Listed entries below:

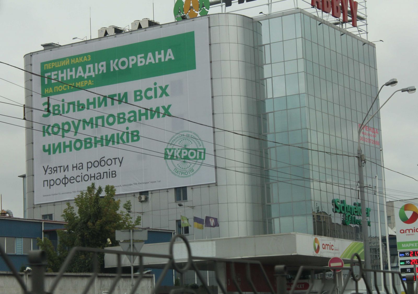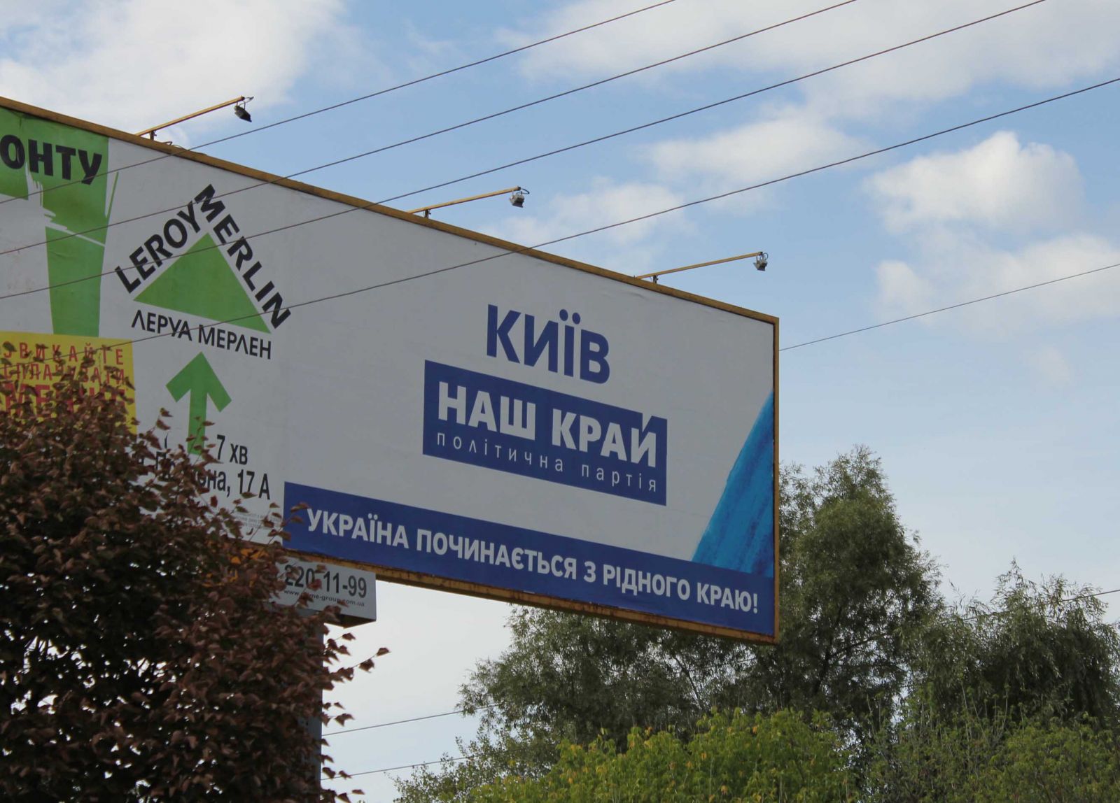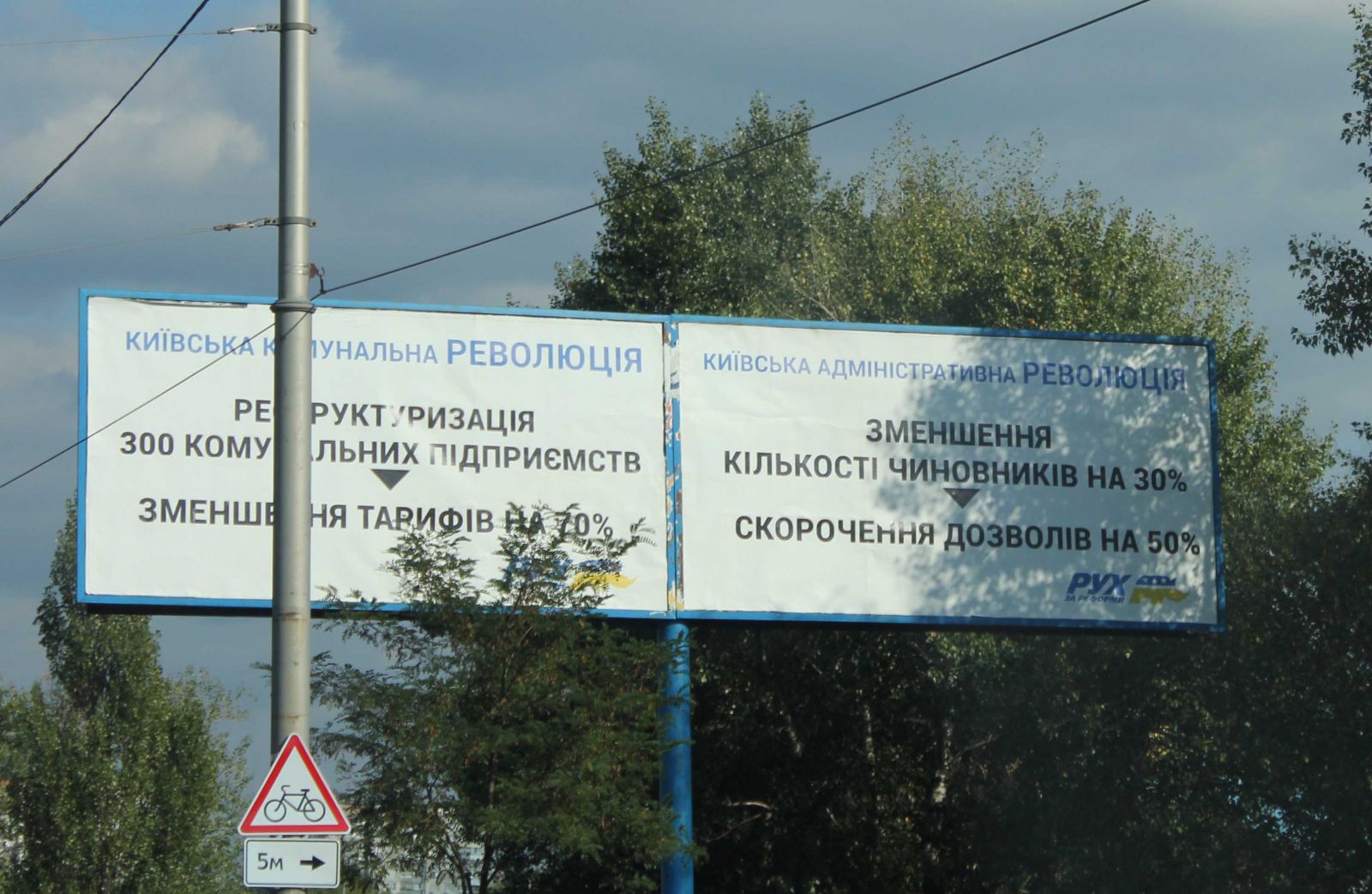 Посторонний наблюдатель, случайно попавший в сентябре — октябре на киевские улицы, без подсказки не сразу бы сообразил, какие выборы проводятся, т.к. львиная часть наружной политической рекламы была посвящена общенациональной тематике, не имеющей к местным выборам никакого отношения.
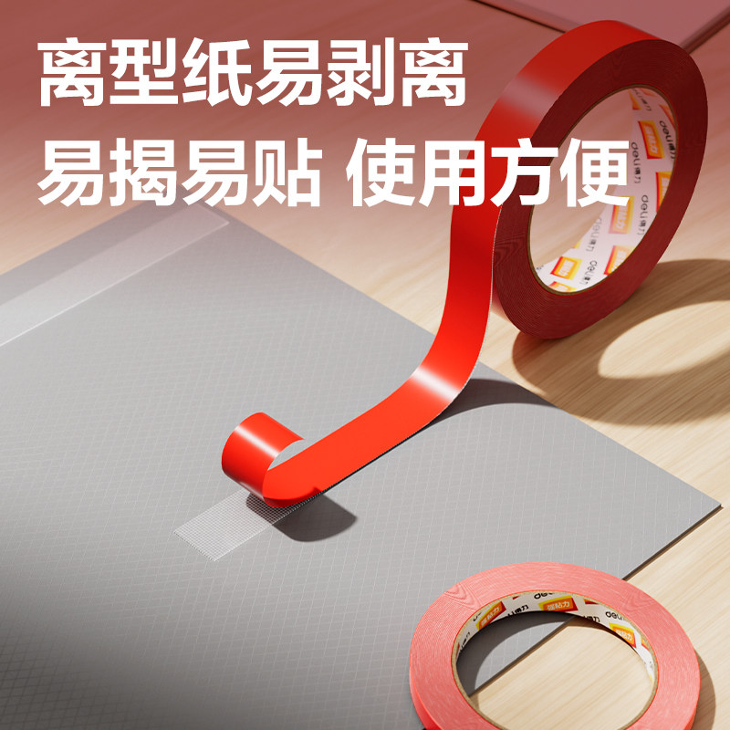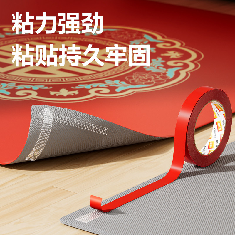 得力贴春联对联双面胶带撕下不留痕迹红色网格布基双面无痕胶布婚庆婚房装饰气球喜字福字年画高粘度强力固定
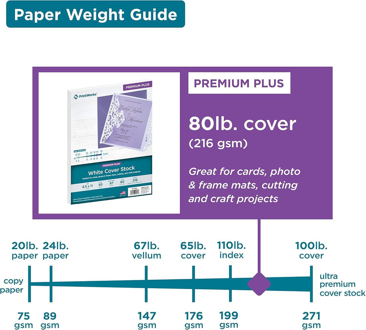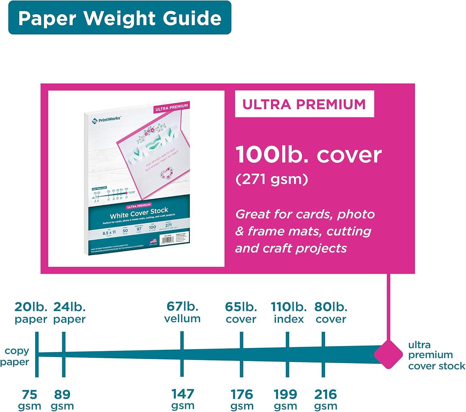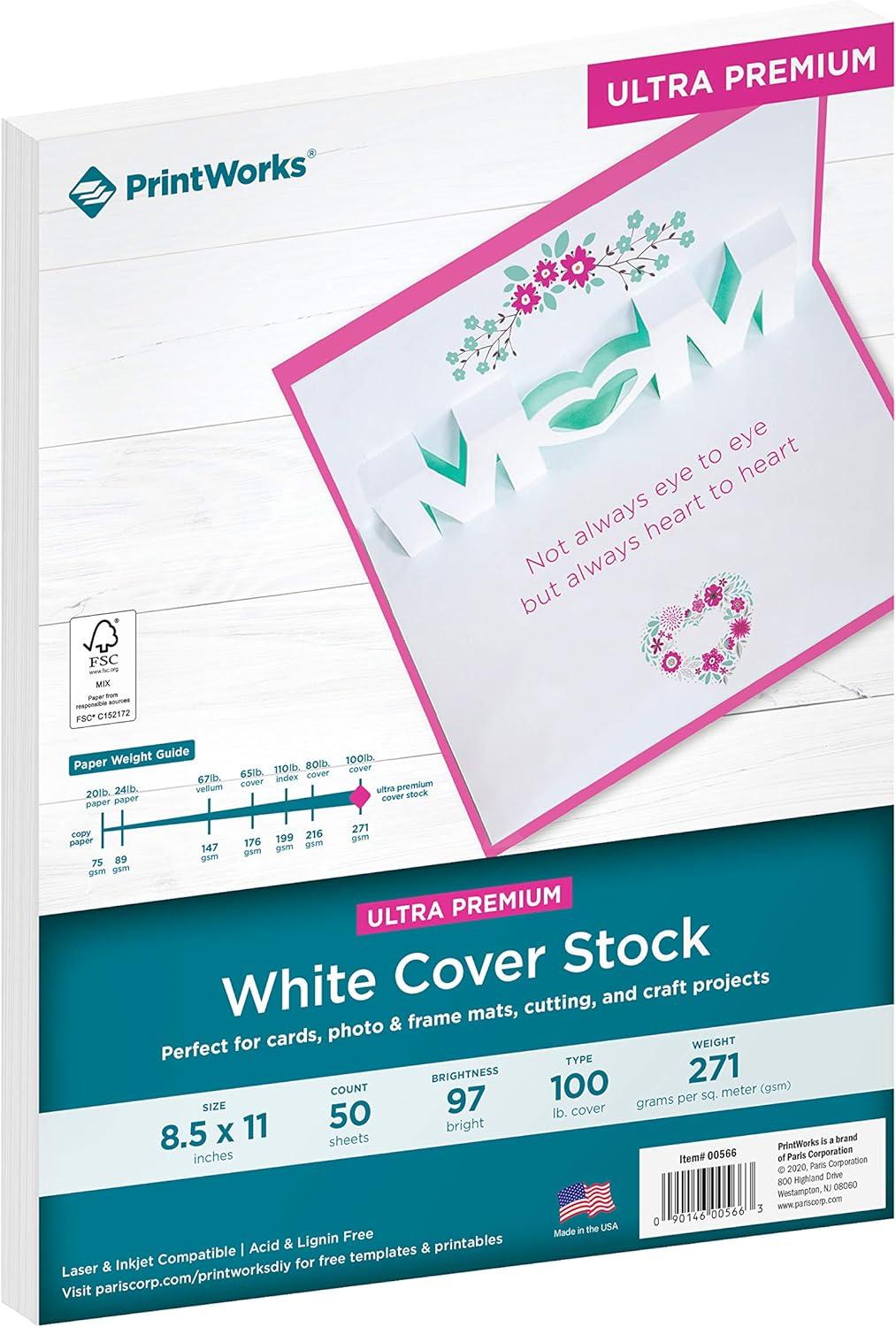 PrintWorks White Cardstock, Premium, 110 lb. Index, Ultra-Smooth, 92 Bright, 250 sheets, 8.5 x 11, For Office, Home & School Printing, Craft Projects (00562)(50 Sheets)
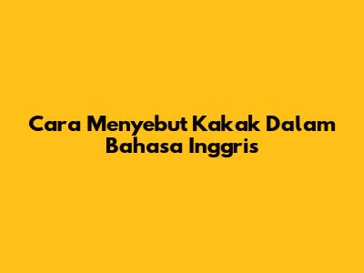 Cara Menyebut 'Kakak' Dalam Bahasa Inggris
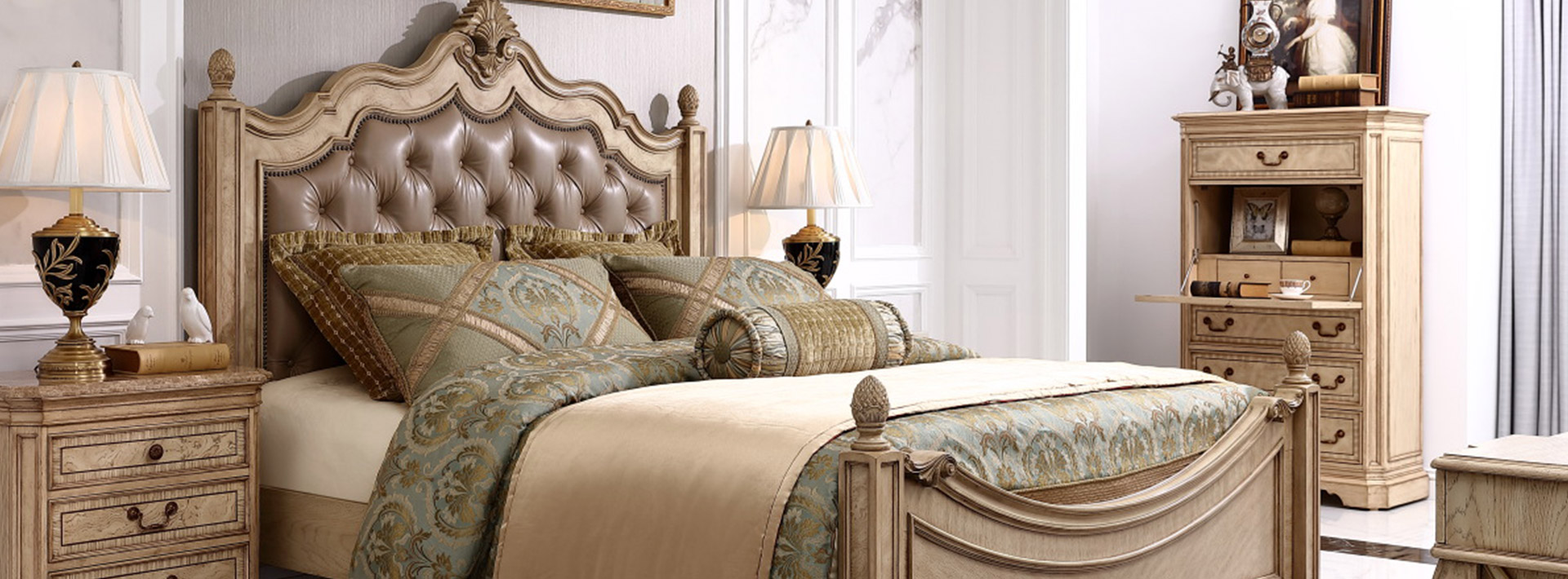 以巴黎的唯美愛情故事為背景,使用旋渦狀床板設(shè)計(jì),加上高檔的水曲柳樹瘤和白橡木皮,再用優(yōu)雅白配色與帶仿古效果的色澤痕跡點(diǎn)綴,并飾以低調(diào)舒適的進(jìn)口牛皮面料,充分彰顯了古典奢華與現(xiàn)代美學(xué)的結(jié)合,精彩演繹了法國人對(duì)奢華絢麗的寵愛。
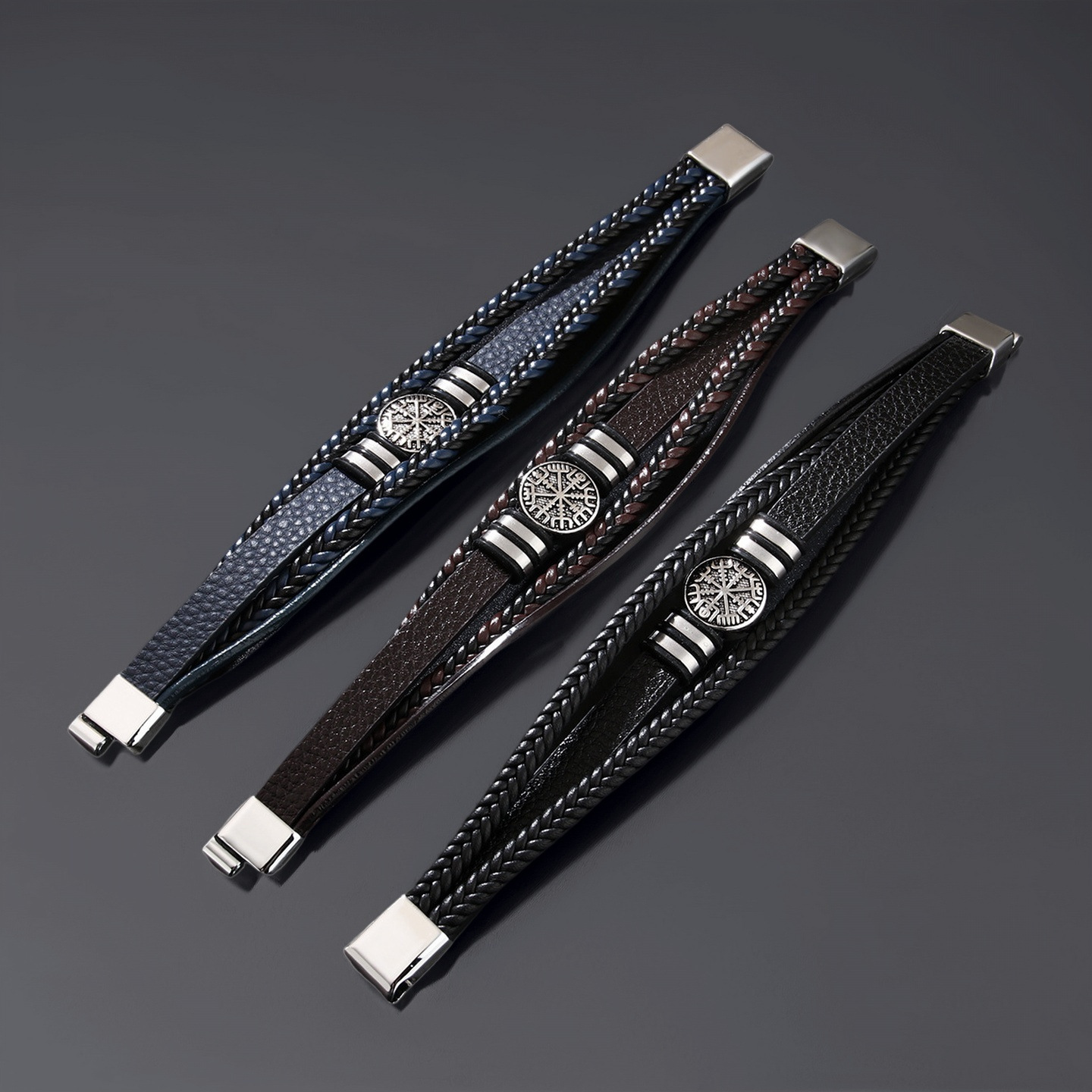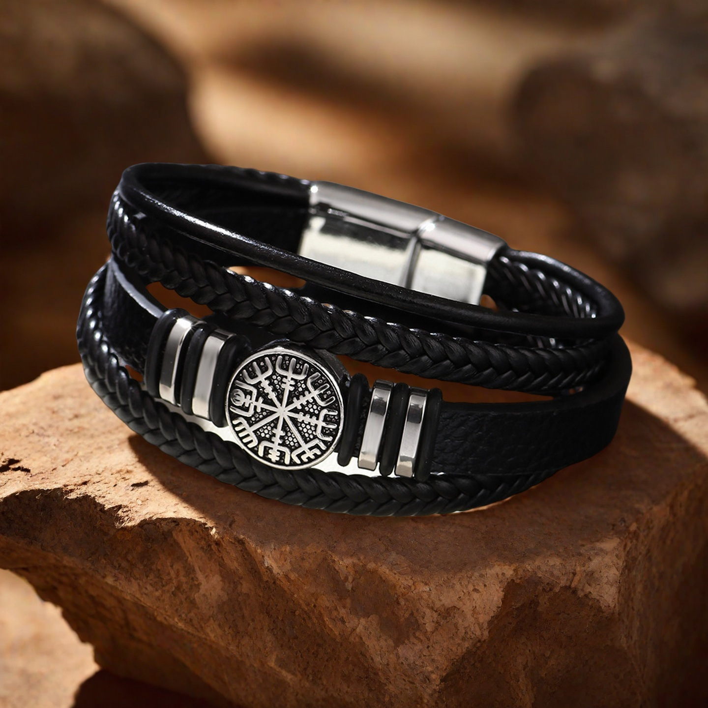 Titanium ocel Náramek, s PU, Kompas, vícevrstvá & různé velikosti pro výběr & pro muže, více barev na výběr, Prodáno By PC

End of Listed entries.

## Instructions for the task
All of the material above is to be copied exactly, with no pictures.

## Completed exercise
 Посторонний наблюдатель, случайно попавший в сентябре — октябре на киевские улицы, без подсказки не сразу бы сообразил, какие выборы проводятся, т.к. львиная часть наружной политической рекламы была посвящена общенациональной тематике, не имеющей к местным выборам никакого отношения.
 得力贴春联对联双面胶带撕下不留痕迹红色网格布基双面无痕胶布婚庆婚房装饰气球喜字福字年画高粘度强力固定
 PrintWorks White Cardstock, Premium, 110 lb. Index, Ultra-Smooth, 92 Bright, 250 sheets, 8.5 x 11, For Office, Home & School Printing, Craft Projects (00562)(50 Sheets)
 Cara Menyebut 'Kakak' Dalam Bahasa Inggris
 以巴黎的唯美愛情故事為背景,使用旋渦狀床板設(shè)計(jì),加上高檔的水曲柳樹瘤和白橡木皮,再用優(yōu)雅白配色與帶仿古效果的色澤痕跡點(diǎn)綴,并飾以低調(diào)舒適的進(jìn)口牛皮面料,充分彰顯了古典奢華與現(xiàn)代美學(xué)的結(jié)合,精彩演繹了法國人對(duì)奢華絢麗的寵愛。
 Titanium ocel Náramek, s PU, Kompas, vícevrstvá & různé velikosti pro výběr & pro muže, více barev na výběr, Prodáno By PC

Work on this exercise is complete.